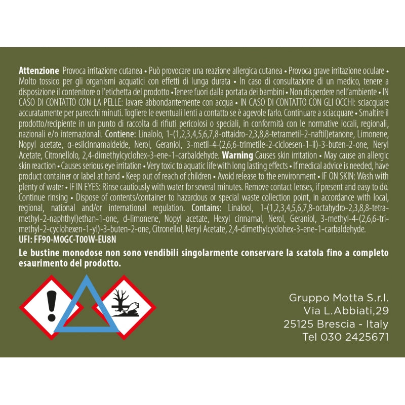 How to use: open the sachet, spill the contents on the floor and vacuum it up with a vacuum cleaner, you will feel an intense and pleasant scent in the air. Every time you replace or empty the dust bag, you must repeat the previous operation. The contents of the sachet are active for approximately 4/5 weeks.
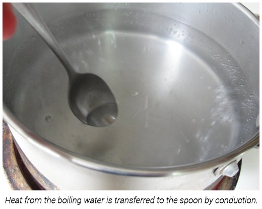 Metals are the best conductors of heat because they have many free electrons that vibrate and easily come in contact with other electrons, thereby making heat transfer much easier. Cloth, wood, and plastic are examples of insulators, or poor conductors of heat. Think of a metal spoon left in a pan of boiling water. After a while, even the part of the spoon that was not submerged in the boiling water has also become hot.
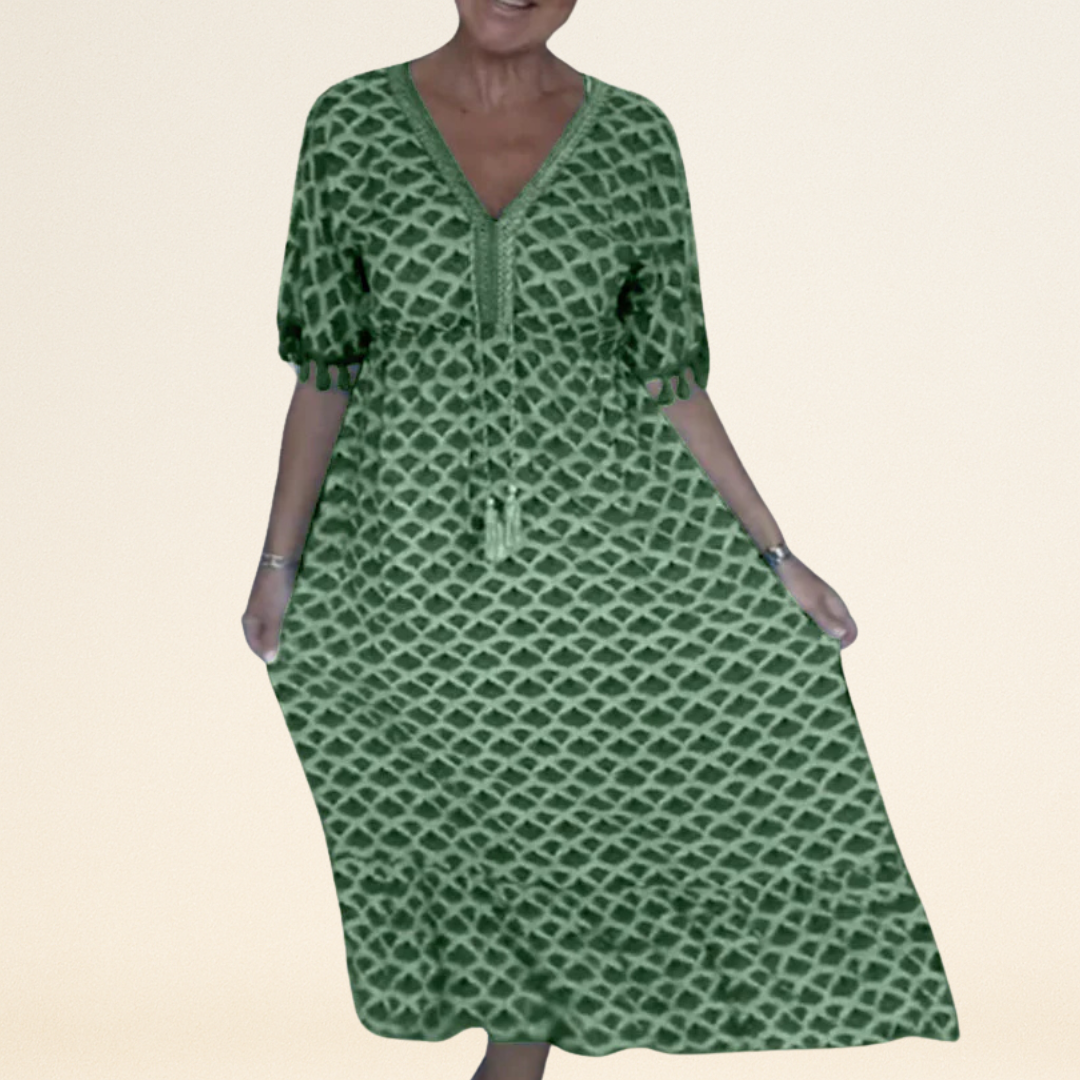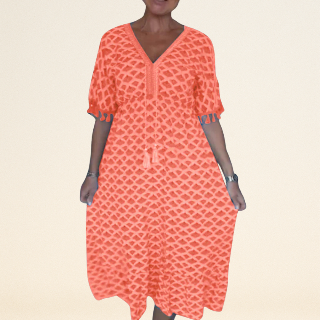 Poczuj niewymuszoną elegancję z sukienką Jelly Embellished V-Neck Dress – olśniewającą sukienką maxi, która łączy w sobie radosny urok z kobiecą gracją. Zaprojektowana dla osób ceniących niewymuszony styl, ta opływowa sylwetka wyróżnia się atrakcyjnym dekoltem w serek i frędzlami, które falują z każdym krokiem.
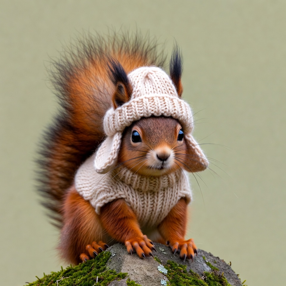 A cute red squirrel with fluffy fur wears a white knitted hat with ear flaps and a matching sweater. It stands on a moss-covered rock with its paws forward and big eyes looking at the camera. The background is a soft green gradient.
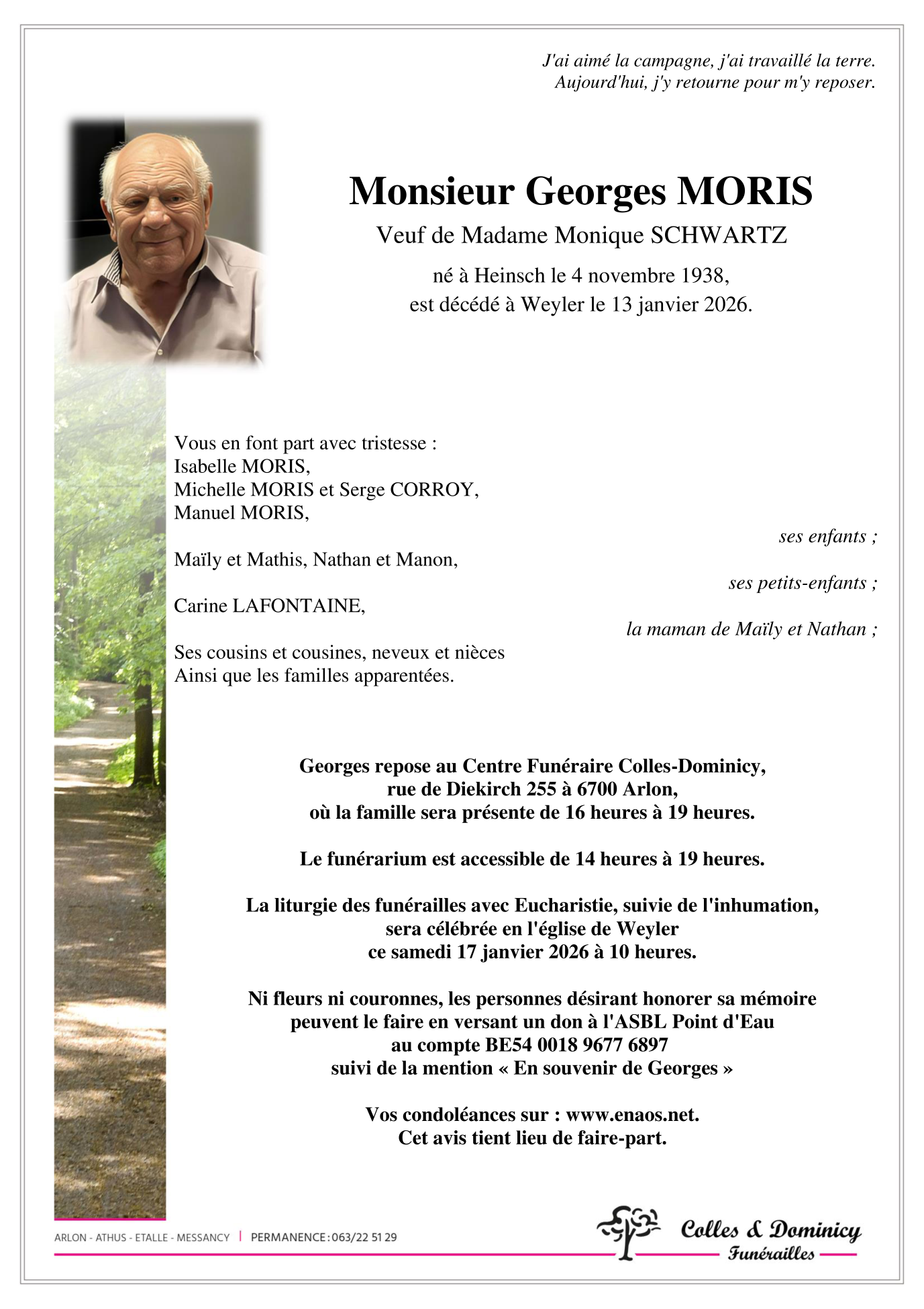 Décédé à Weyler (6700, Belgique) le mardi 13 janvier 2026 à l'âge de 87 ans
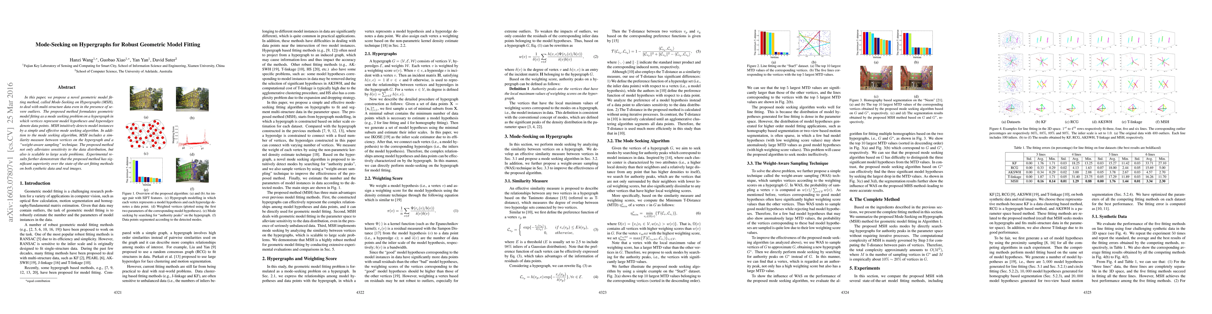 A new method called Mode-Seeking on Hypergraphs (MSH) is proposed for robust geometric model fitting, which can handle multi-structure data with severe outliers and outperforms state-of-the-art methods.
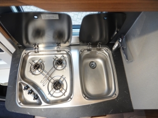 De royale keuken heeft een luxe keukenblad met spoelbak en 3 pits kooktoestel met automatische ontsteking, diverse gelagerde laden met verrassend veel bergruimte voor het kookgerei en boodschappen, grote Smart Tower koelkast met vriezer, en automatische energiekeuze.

PROBLEM TO SOLVE: Write the material out again word for word and omit any images.

WORKED SOLUTION:
 How to use: open the sachet, spill the contents on the floor and vacuum it up with a vacuum cleaner, you will feel an intense and pleasant scent in the air. Every time you replace or empty the dust bag, you must repeat the previous operation. The contents of the sachet are active for approximately 4/5 weeks.
 Metals are the best conductors of heat because they have many free electrons that vibrate and easily come in contact with other electrons, thereby making heat transfer much easier. Cloth, wood, and plastic are examples of insulators, or poor conductors of heat. Think of a metal spoon left in a pan of boiling water. After a while, even the part of the spoon that was not submerged in the boiling water has also become hot.
 Poczuj niewymuszoną elegancję z sukienką Jelly Embellished V-Neck Dress – olśniewającą sukienką maxi, która łączy w sobie radosny urok z kobiecą gracją. Zaprojektowana dla osób ceniących niewymuszony styl, ta opływowa sylwetka wyróżnia się atrakcyjnym dekoltem w serek i frędzlami, które falują z każdym krokiem.
 A cute red squirrel with fluffy fur wears a white knitted hat with ear flaps and a matching sweater. It stands on a moss-covered rock with its paws forward and big eyes looking at the camera. The background is a soft green gradient.
 Décédé à Weyler (6700, Belgique) le mardi 13 janvier 2026 à l'âge de 87 ans
 A new method called Mode-Seeking on Hypergraphs (MSH) is proposed for robust geometric model fitting, which can handle multi-structure data with severe outliers and outperforms state-of-the-art methods.
 De royale keuken heeft een luxe keukenblad met spoelbak en 3 pits kooktoestel met automatische ontsteking, diverse gelagerde laden met verrassend veel bergruimte voor het kookgerei en boodschappen, grote Smart Tower koelkast met vriezer, en automatische energiekeuze.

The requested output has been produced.